Exercise objective: Each entry below should be output exactly, apart from its images.

Material shown:
_ _ _

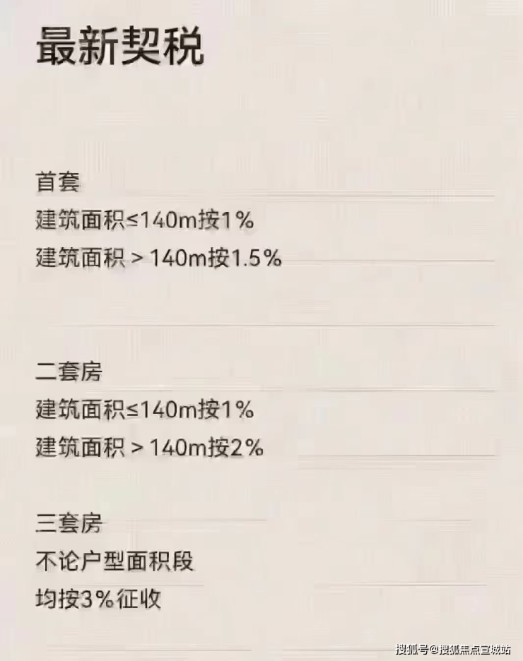 2、享受低税率优惠的面积标准提高:此次调整还将现行享受1%低税率优惠的面积标准由90平方米提高到140平方米,这意味着更多购买中小户型的家庭能够享受到契税的优惠。
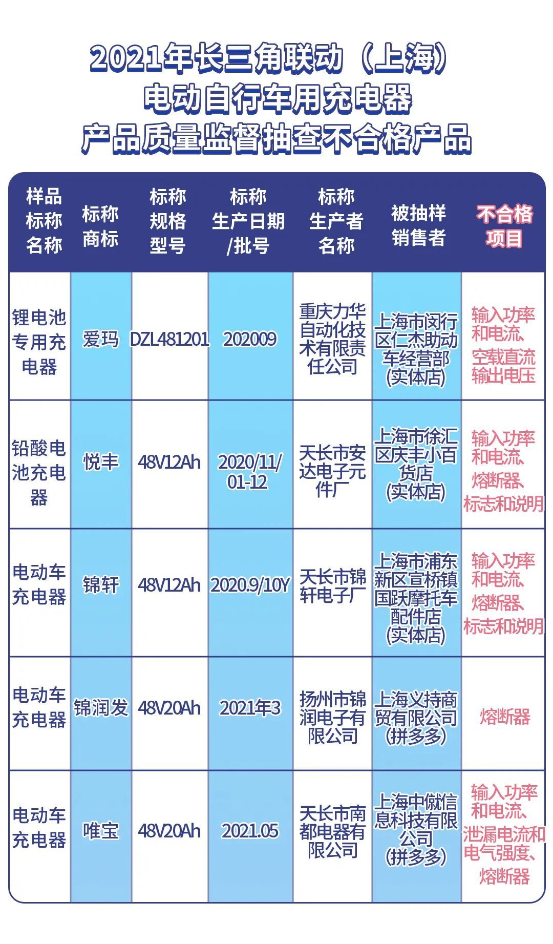市市场监管局对本市生产、销售的电动自行车、电动自行车用充电器和电动自行车锂离子电池55批次产品进行了产品质量监督抽查,共发现不合格产品9批次。其中电动自行车20批次中3批次不合格,电动自行车用充电器25批次中5批次不合格,电动自行车锂离子电池10批次中1批次不合格。详见↓
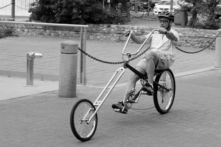 Keywords: blackandwhite black white bw monochrome street streetphotography downtown canada britishcolumbia bc okanagan kelowna chopper bike bicycle man male guy person summer
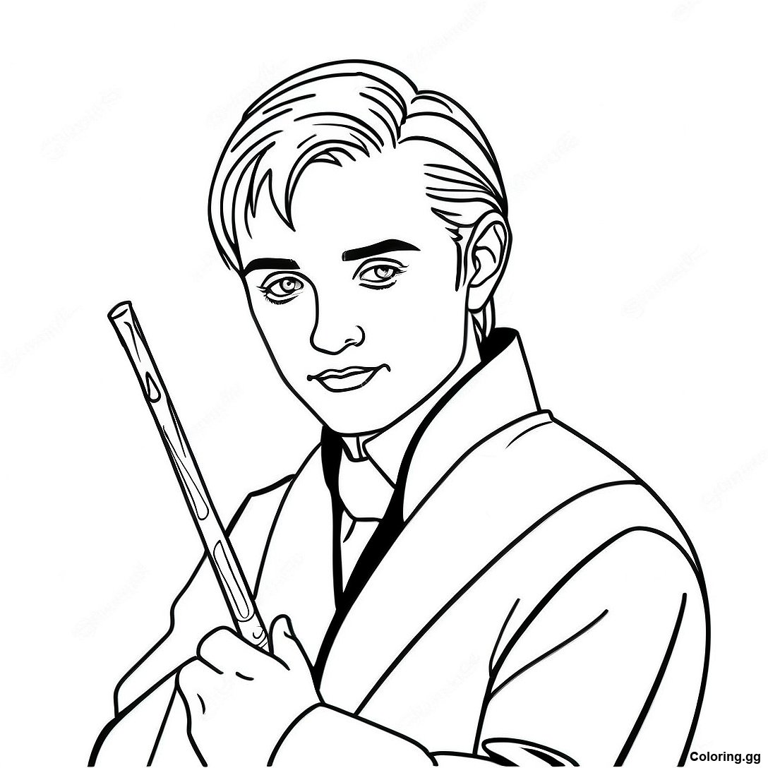 డ్రాకో మాల్ఫాయ్ వాండ్‌తో రంగుల పేజీ
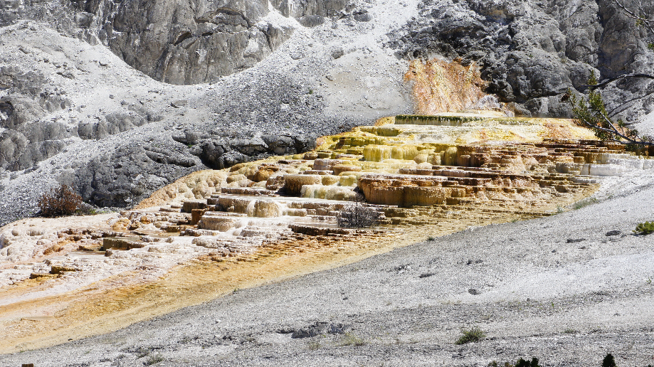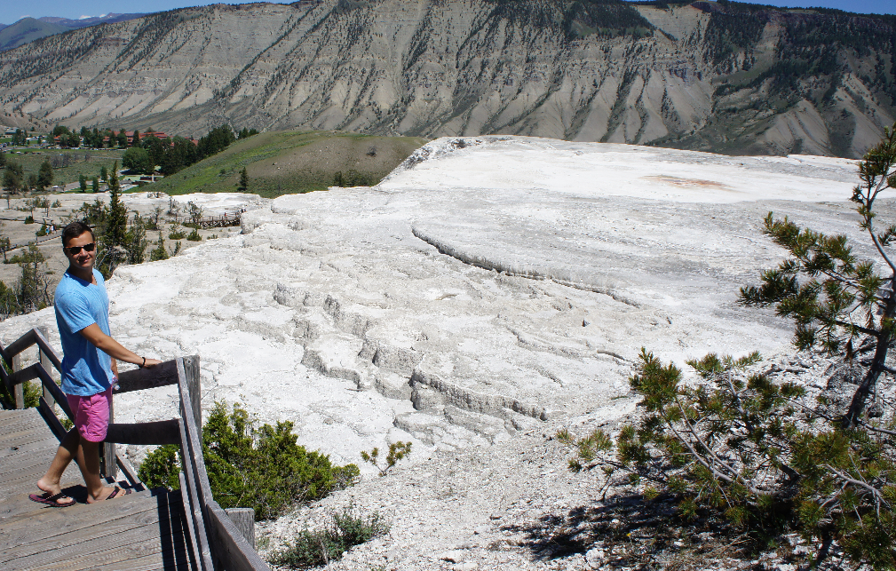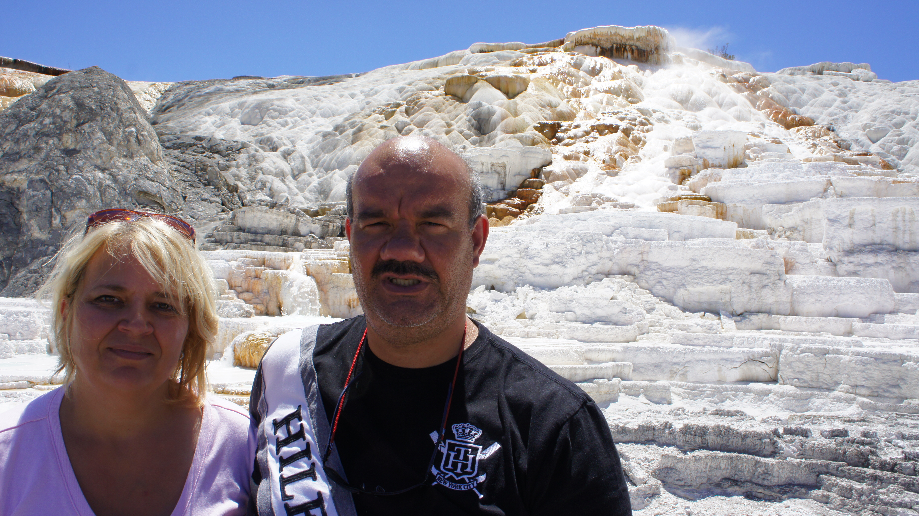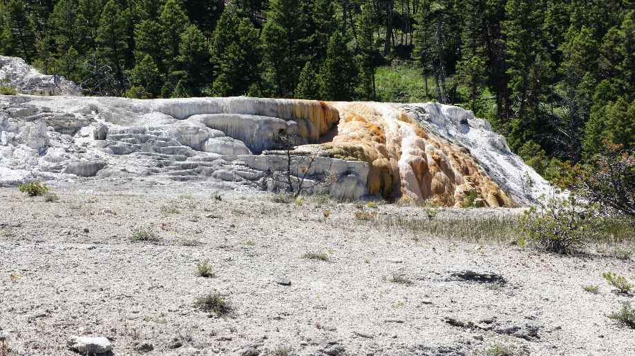 Na het eten komen we al snel aan bij Mammoth Hot Springs. Dit is een leuk gehucht. Er is een mooie kapel en er zijn ook privé woningen. We rijden naar het parkeerterrein van de terrassen. Het lage terras is gemakkelijk te bewandelen maar natuurlijk wil ik ook de hogere terrassen zien. Daan en ik besluiten om Car ons naar de top te laten rijden en dan samen naar beneden te wandelen waar Car ons weer opwacht bij het parkeerterrein. Zo gezegd zo gedaan. Wat is het hier mooi. Al die verschillende kleuren die gecreëerd worden door verschillende micro-organismen.

_ _ _

Solution to this task:
 2、享受低税率优惠的面积标准提高:此次调整还将现行享受1%低税率优惠的面积标准由90平方米提高到140平方米,这意味着更多购买中小户型的家庭能够享受到契税的优惠。
市市场监管局对本市生产、销售的电动自行车、电动自行车用充电器和电动自行车锂离子电池55批次产品进行了产品质量监督抽查,共发现不合格产品9批次。其中电动自行车20批次中3批次不合格,电动自行车用充电器25批次中5批次不合格,电动自行车锂离子电池10批次中1批次不合格。详见↓
 Keywords: blackandwhite black white bw monochrome street streetphotography downtown canada britishcolumbia bc okanagan kelowna chopper bike bicycle man male guy person summer
 డ్రాకో మాల్ఫాయ్ వాండ్‌తో రంగుల పేజీ
 Na het eten komen we al snel aan bij Mammoth Hot Springs. Dit is een leuk gehucht. Er is een mooie kapel en er zijn ook privé woningen. We rijden naar het parkeerterrein van de terrassen. Het lage terras is gemakkelijk te bewandelen maar natuurlijk wil ik ook de hogere terrassen zien. Daan en ik besluiten om Car ons naar de top te laten rijden en dan samen naar beneden te wandelen waar Car ons weer opwacht bij het parkeerterrein. Zo gezegd zo gedaan. Wat is het hier mooi. Al die verschillende kleuren die gecreëerd worden door verschillende micro-organismen.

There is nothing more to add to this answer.